Hedeflenmiş cinayetler için hiçbir gerekçe yoktur. Eski başkan döneminde devam eden şeyler vardı, ancak Obama yönetimi önceki yöntemleri, Amerika’nın terör eylemleri diye isimlendirdiği şeyleri gerçekleştirmesi için başkalarını cesaretlendirdiğinden şüphelendiği insanlara yönelik, küresel bir suikast kampanyasına doğru genişletti. ‘Terör eylemleri’ diye adlandırılan şeyler aynı zamanda oldukça ciddi sorular ortaya çıkarmaktadır ve bu bir olduğundan küçük göstermedir. Afganistan’da köyü Amerikan askerleri tarafından saldırıya uğradığında, köyünü korumak için tüfeğe sarılmakla suçlanan 15 yaşındaki çocuğun Guantanamo Koyu davası örneğini ele alalım. Terörizmle suçlandı ve toplam 8 yıl Guantanamo’ya gönderildi. Sekiz yıllık tutukluğun ardından, nerede ne olduğu sır değil, suçlu olduğu ileri sürüldü ve sekiz yıl daha cezaya çarptırıldı. 15 yaşındaki bir çocuğun terörizme karşı köyünü savunması mı terörizm?

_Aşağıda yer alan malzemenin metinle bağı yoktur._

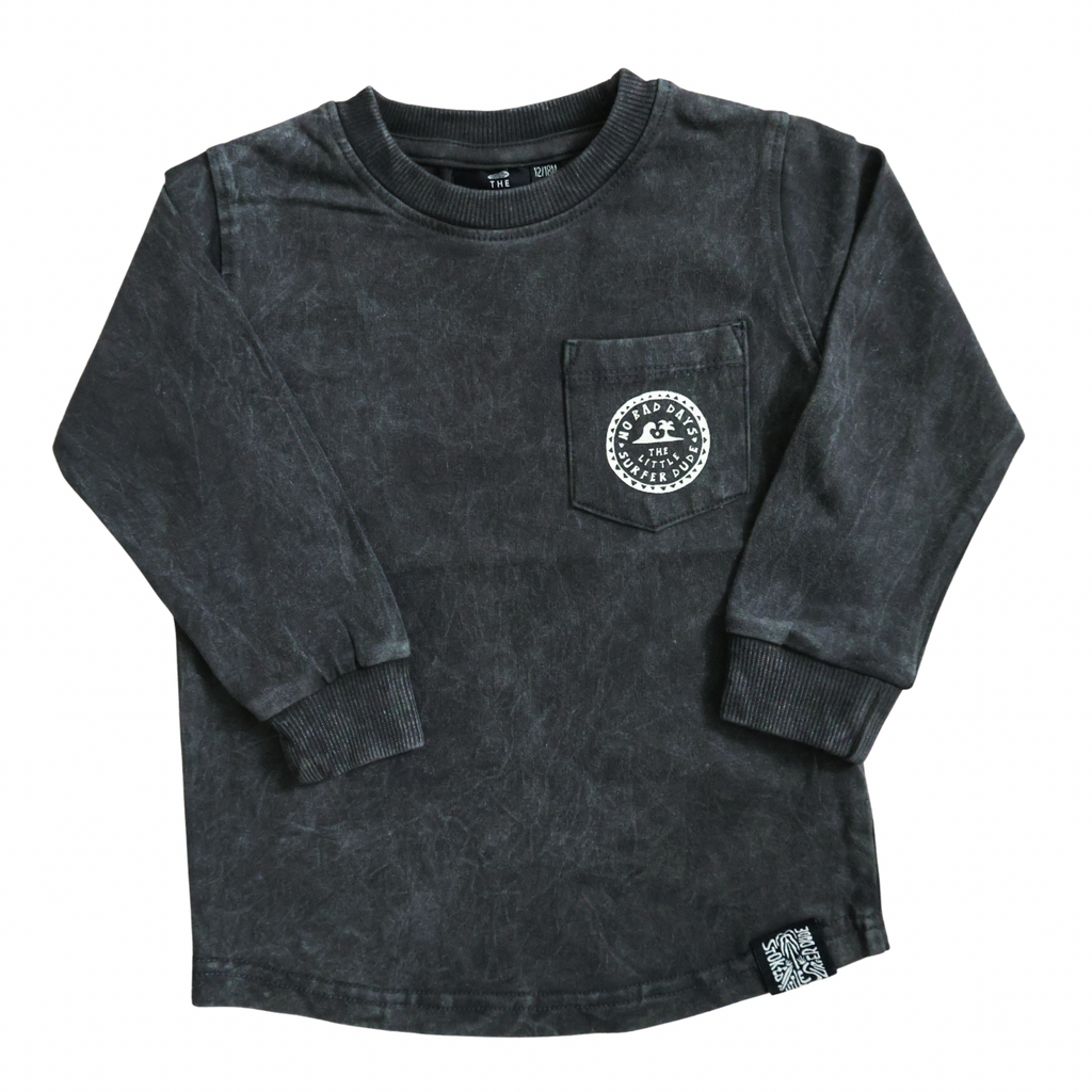 Black Acid Wash Little Surfer Dude Logo T-Shirt
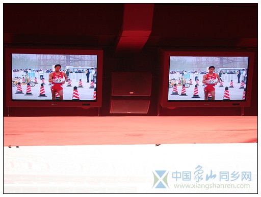 比赛运动员进入鸟巢外部,即将进入场馆里面的终点

Yani, potansiyel olarak, Obama’nın dış politika yaklaşımının belli alanlarda George W. Bush’unkinden daha kötü olduğunu mu düşünüyorsunuz?

Devlet terörü açısından -ki ben bunu bu şekilde isimlendirirdim- evet demek zorundayım ve zaten bunlar askeri analistler tarafından da ifade ediliyor. Bush yönetiminin politikası, şüphelileri kaçırmak ve bildiğimiz üzere kendilerine pek de hoş davranılmayan gizli hapishanelere göndermekti. Fakat Obama yönetimi, o politikayı “Onları kaçırma! Ama onları öldür”e yükseltti. Şimdi bunların –Usame Bin Ladin olayında bile- şüpheli olduklarını hatırlayın. 11 Eylül saldırılarını planladığı ve organize ettiği akla yatkındır fakat “akla yatkın” ve “kanıtlanmış” iki farklı şeydir. Saldırılardan sonraki sekiz ay hatırlamaya değer, Nisan 2002’de, FBI Başkanı, basına yaptığı en ayrıntılı açıklamada, yalnızca, komplonun Bin Ladin tarafından gizlice Afganistan’da yapıldığını fakat Birleşik Arap Emirlikleri, Almanya ve Amerika’da uygulamaya koyulduğuna inandıklarını söyleyebildi. Ancak o zamandan beri sağlam bir kanıt –en azından herkesin gözünün önünde- sunulmadı. Hükümet tarafından oluşturulan 11 Eylül komisyonunda oldukça makul surette akla yatkın dolaylı kanıt niteliğinde birçok materyal vardı, ama bu kanıtlardan herhangi birinin bağımsız bir mahkemede destekleneceği şüpheli. Ellerindeki kanıtlar onlara, bildiğimiz gibi kanıtları son derece acımasız koşullarda sorgulanan şüphelilere dayandıran hükümet tarafından sağlandı. Bağımsız bir mahkemenin böylesine kanıtları ciddi olarak değerlendirmesi oldukça düşük bir ihtimal.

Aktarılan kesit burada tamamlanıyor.